I had two roles in “The Painted Skin”: Translator and actress. As a student in the major of International Cultural Communication, translation is my line. Before this program, I had never been an interpreter in a theatre, especially translating for stage technique. At that moment, I didn’t realize that this would be a difficulty, the only request was to speak English all in all. However, during the 30 days, I recognized how difficult it is to be a great interpreter. One day, when Eva came to our workshop, she asked me: “Are you sure you can be a translator and actress at the same time? Because for me, it’s a little bit difficult to switch between the two roles.” I told her definitely:” Of course no problem.” Until the final rehearsal. When our group was discussing about make-up, Lena asked one of our actors to dress with Chinese traditional make-up (he would show Chinese opera in the performance) and I also thought that this was necessary in a Western country.
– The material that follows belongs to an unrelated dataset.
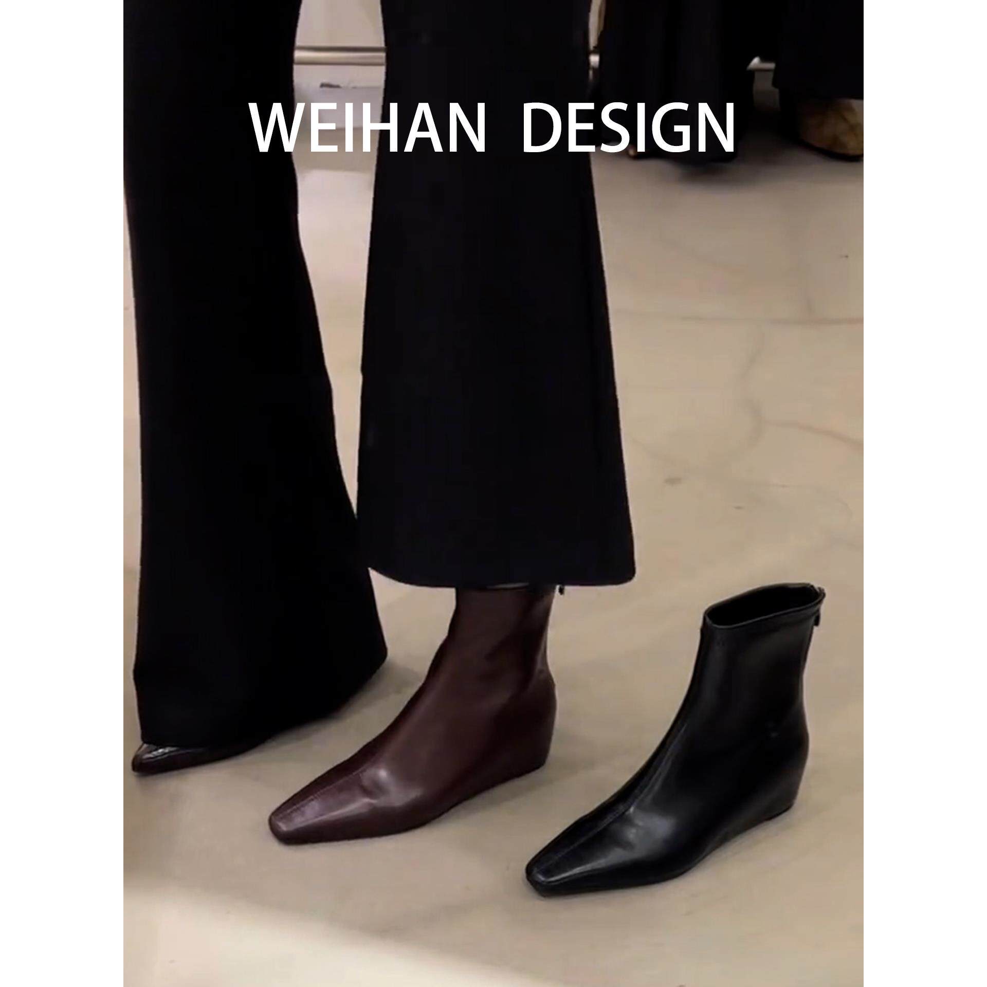 羊皮版!法式小方头坡跟短靴女百搭软皮时装靴不累脚内增高瘦瘦靴

However the Chinese actor resolutely answered “No”. When I translated his words to the Swiss students in my way: “ Let’s take a vote”, he understood my translation and told me angrily: “Can you translate ‘my’ meaning!” At that moment, I suddenly realized what Eva meant.

As an interpreter, you must be objective in the process of translating, like a translation machine that should not mix with your own emotion or the meaning will be distorted. Yet as an actor who must take part in the play production, you should express your feeling. So you must need particular capacity and technique to switch between these two roles.